More than three years after Superstorm Sandy, NYCHA remains woefully unprepared to deal with a similar disaster and it needs to accelerate its preparations, according to an audit by city Comptroller Scott M. Stringer.
Property managers did not have accurate emergency contact information for 80% of the tenants who were in wheelchairs or relied on life-sustaining services such as oxygen tanks, and they also lacked information on tenants who were blind, deaf, vision or hearing-impaired, mentally challenged as well as people who relied on canes, crutches and walkers, said the report.
NYCHA has also failed to conduct emergency training events at 78% of its developments and neglected to create “after action reports” identifying strengths and weaknesses of the emergency response in 93% of the drills it did hold, said the report.
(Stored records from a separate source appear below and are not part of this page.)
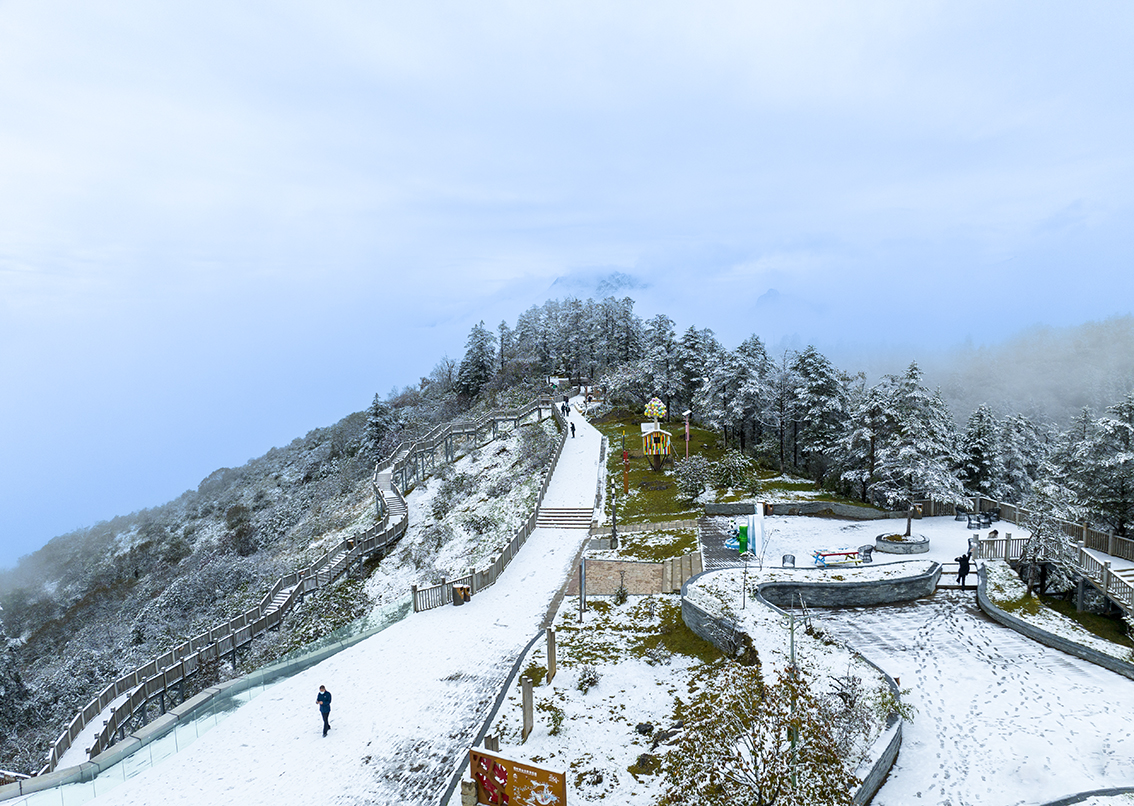 2022年10月9日晚,四川成都大邑西岭雪山景区迎来今年秋季首场降雪。(图片来源:中新社)
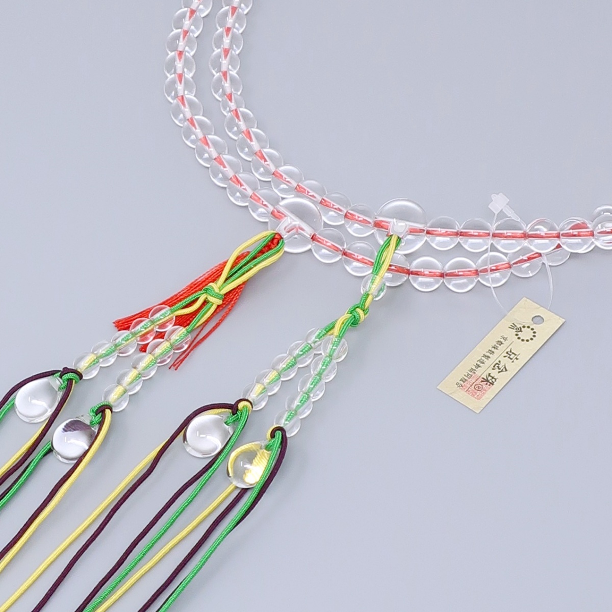 弘法大師空海が日本に帰る際、恵果和尚より授かった三色房付水晶数珠を再現した数珠です。
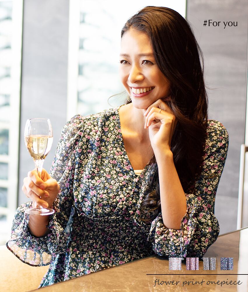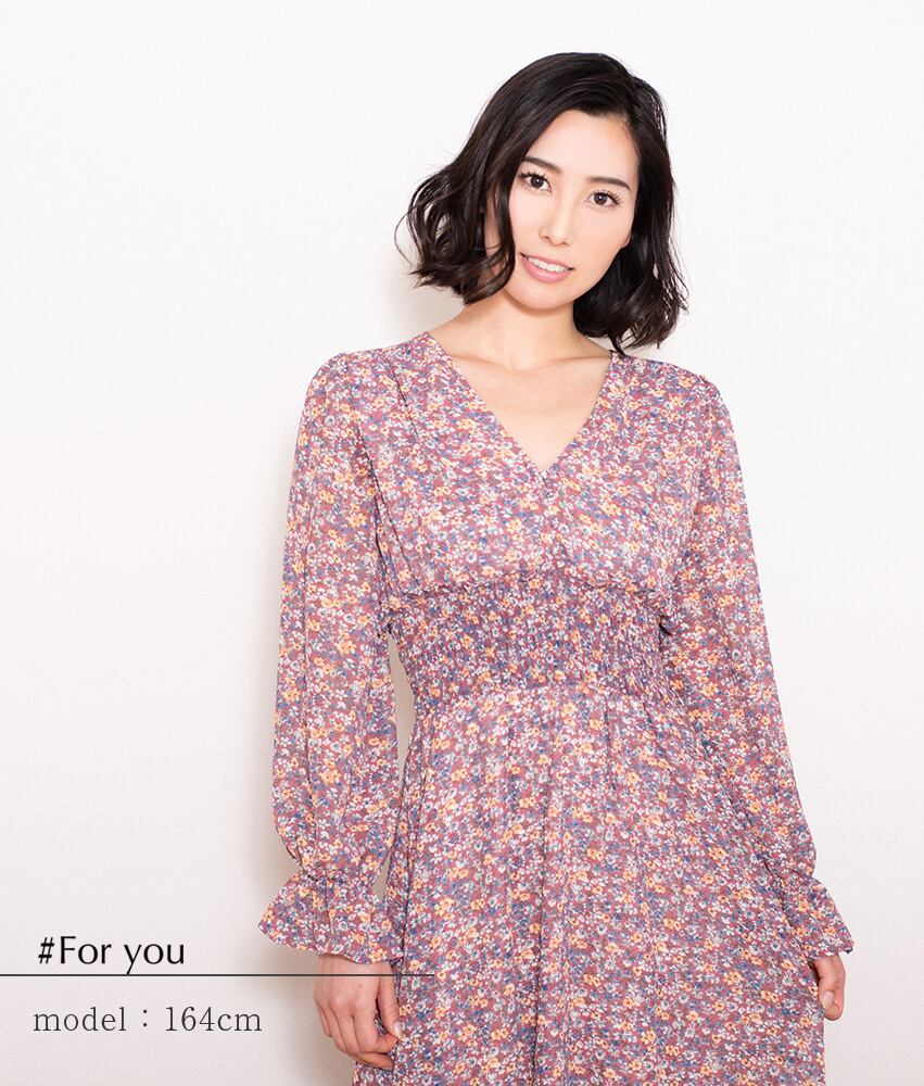 繊細な花柄にハイウエストが絞られたワンピース。スタイル良く表現してくれます。胸元のボタンや袖の絞りも、女性らしさを最大限に際立たせてくれるアイテムです。
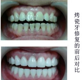 烤瓷牙则是通过将缺牙前后的两颗牙齿磨小,制造出一座与患者口腔状况相符的'烤瓷桥','桥'中间是一颗或多颗完整的假牙,'桥'两头的假牙形状相当于两颗被磨小的牙的'帽子',套上两颗磨小的牙后,粘贴固定,使这两颗牙'恢复完整',承担支撑假牙的任务。
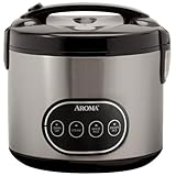 Aroma Stainless Steel Rice CookerProduct Description: This digital rice cooker from Aroma makes perfect rice, soups, stews and even steams meat and vegetables simultaneously. It flawlessly prepares up to 16 cups of any type of rice with a water reservoir that channels away excess condensation. With multiple functions that include automatic keep-warm, brown rice and steam, it's the perfect addition to any busy kitchen. It's finished in smudge-proof stainless steel with black accents that complement any kitchen's style. Includes a measuring cup, a steam tray and a serving spatula.
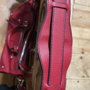 This purse is in perfect condition!! 3 inside pockets and 1 outside pocket, double zipper, adjustable and removable long shoulder strap with 2 hand straps.
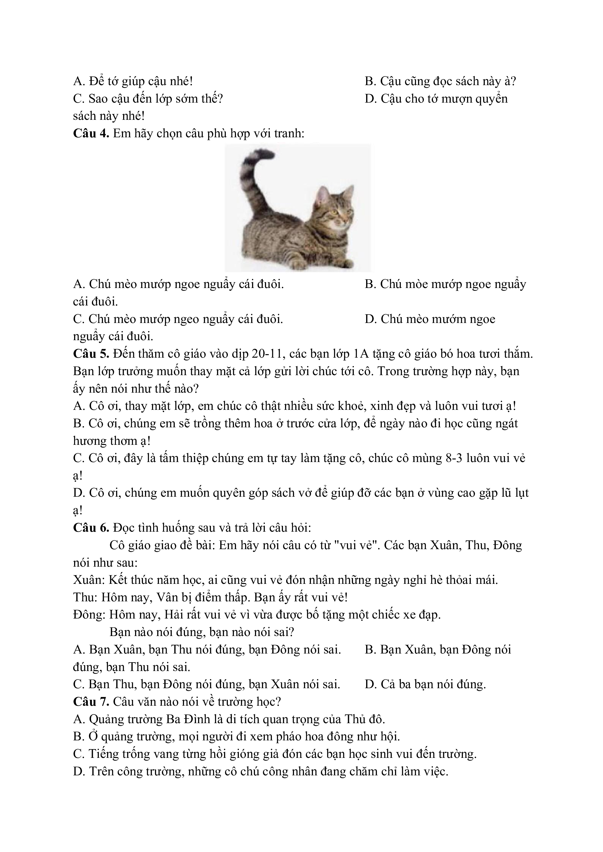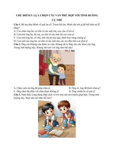 Câu hỏi ôn thi Trạng Nguyên Tiếng Việt lớp 1 Chủ điểm 5: Lựa chọn câu văn phù hợp với tình huống cụ thể
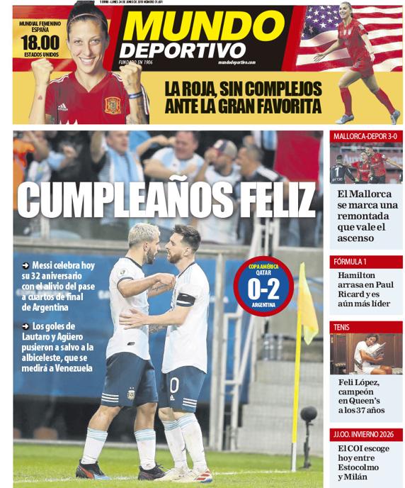 La prensa restante viene llena de detalles asombrosos, no nos podemos quejar, y se diría que el IMSERSO del fútbol hubiera promocionado parte de ellos. Torres se retira, lo que nos conduce a la absoluta revelación de que en realidad no lo había hecho aún; Dani Alves se ofrece al Barça (¿y por qué no el Chapi Ferrer, puestos a entrar en muy legítimas nostalgias?) al tiempo que Neymar va a pedir perdón como lo haría el Dúo Dinámico, quizás formando dicho dúo con el padre; y Mundo Deportivo felicita el cumpleaños a Messi que, no nos engañemos, también va cumpliendo algún que otro abril, situándose cada día que pasa un poco más cerca de ganar el Mundial de fútbol que tanto anhela para sacudirse de una vez por todas la sombra de Maradona.
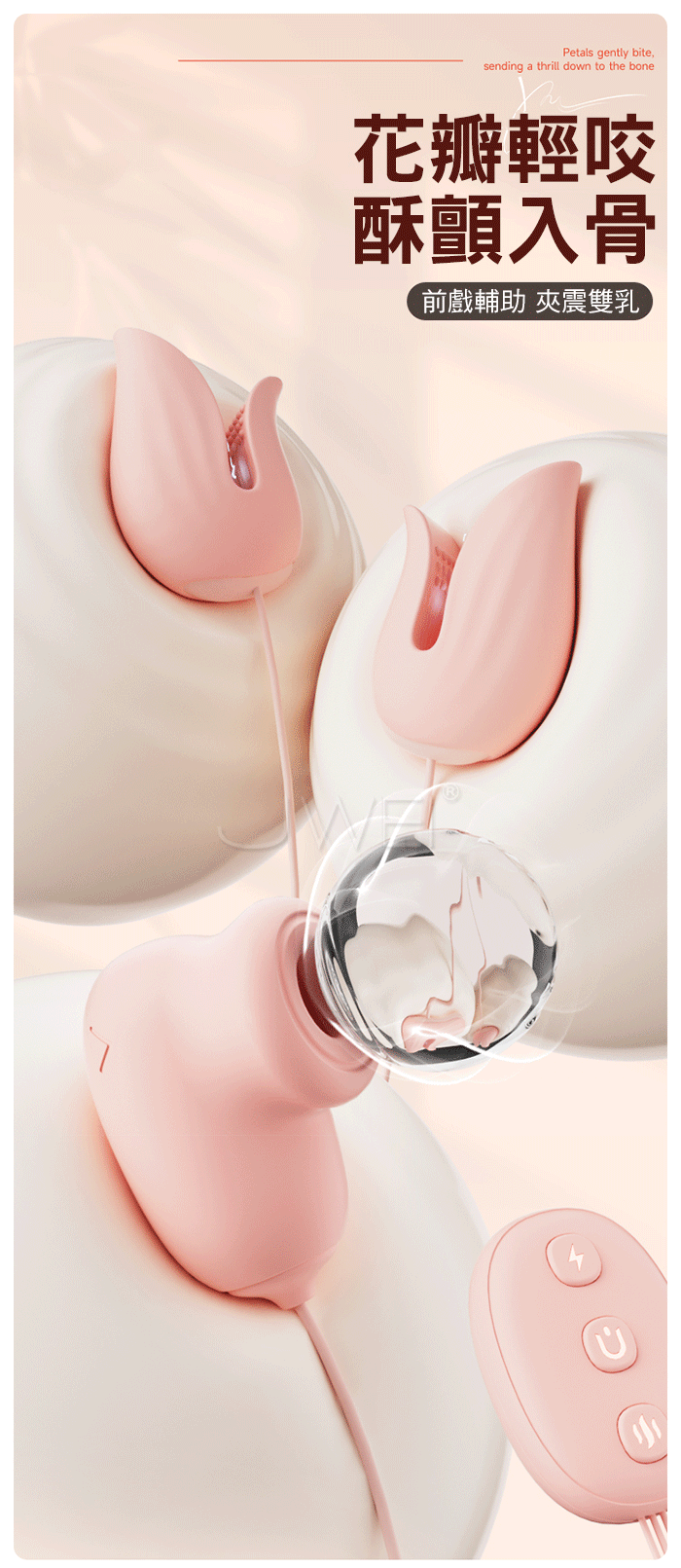 花瓣輕咬 酥顫入骨,前戲輔助 夾震雙乳,鬱金香花瓣 造型儀式感 微電流穿梭刺激,3速7頻10重維度,花式玩法不單調,柔軟矽膠材質 緊緻貼合 酥麻刺激,按摩凸點設計 刺激更進一步,感官統治 ■尺寸:大小詳如圖片標示 ■材質:矽膠+ABS ■功能:10頻電擊+震動
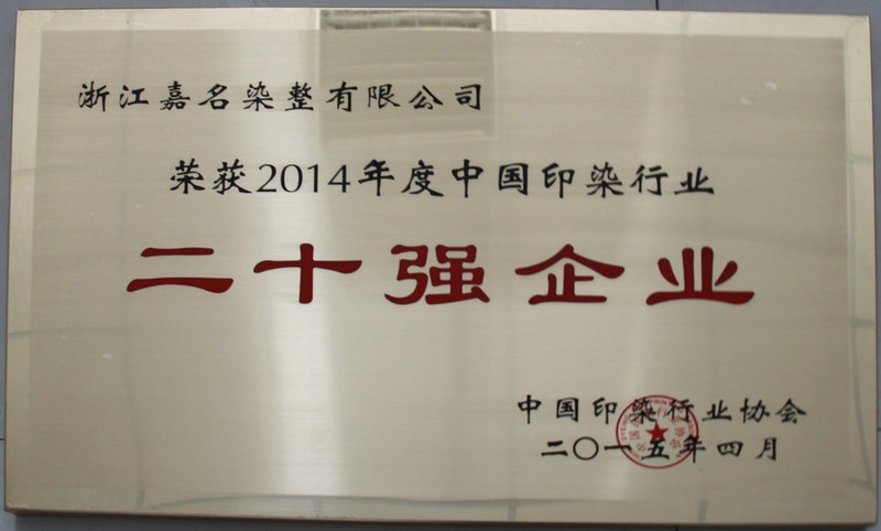 浙江嘉名染整有限公司獲“2014年度中國印染行業(yè)企業(yè)20強”
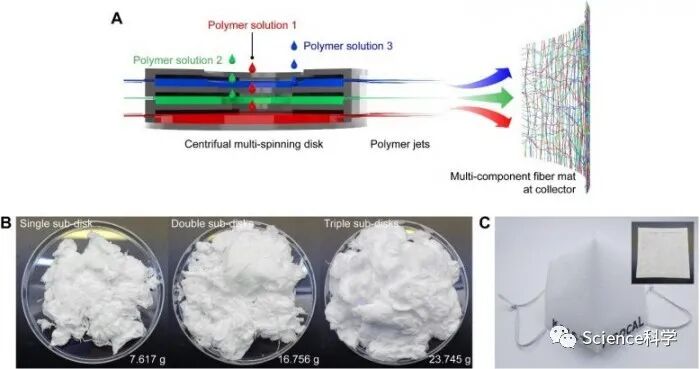 论文主要作者博士生Byeong Eun Kwak和他的研究人员Hyo Jeong Yoo和Eungjun Lee利用这种带有三个子盘的新型离心式多纺丝喷丝板,演示了各种聚合物纳米纤维的克级生产,最高生产速度可达25克/小时,比传统的电纺系统高出约300倍。每小时高达25克聚合物纳米纤维的生产速度相当于实验室规模生产系统每天生产约30个口罩滤网的速度。

The audit also urged the Authority better define the roles, responsibilities and hierarchy of personnel responsible for emergencies and disaster planning.
NYCHA was swift to contest the findings, issuing a statement accusing the Comptroller of “cherry picking data and shifting timelines to paint an outdated picture of NYCHA.” The authority contended it had “worked to fundamentally change the way we approach emergency preparedness” in the last 18 months. And its Office of Emergency Preparedness, createdin June 2014, NYCHA said, helped it to respond to “five large-scale emergency and security events,” such as a detection of Legionella bacteria at the Melrose Houses in the Bronx. A Comprehensive Emergency Management Plan is also in development, according to the Authority.
NYCHA’s report did not appease Stringer, who fired back in a statement that NYCHA is “very good at preparing for storms that don’t happen, but less effective at managing its lists of who needs help in case of an actual storm, figuring out who will be in charge, and determining exactly how it will power its buildings in case of a loss of electricity.”
After Superstorm Sandy in 2012, about 80,000 of NYCHA’s more than 400,000 residents were left without essential services such as heat, electricity and elevator service after the deluge swamped basement heating and electrical systems in 402 NYCHA buildings, many of them high rises. Some residents were stranded on upper floors without electricity, food or needed medicines.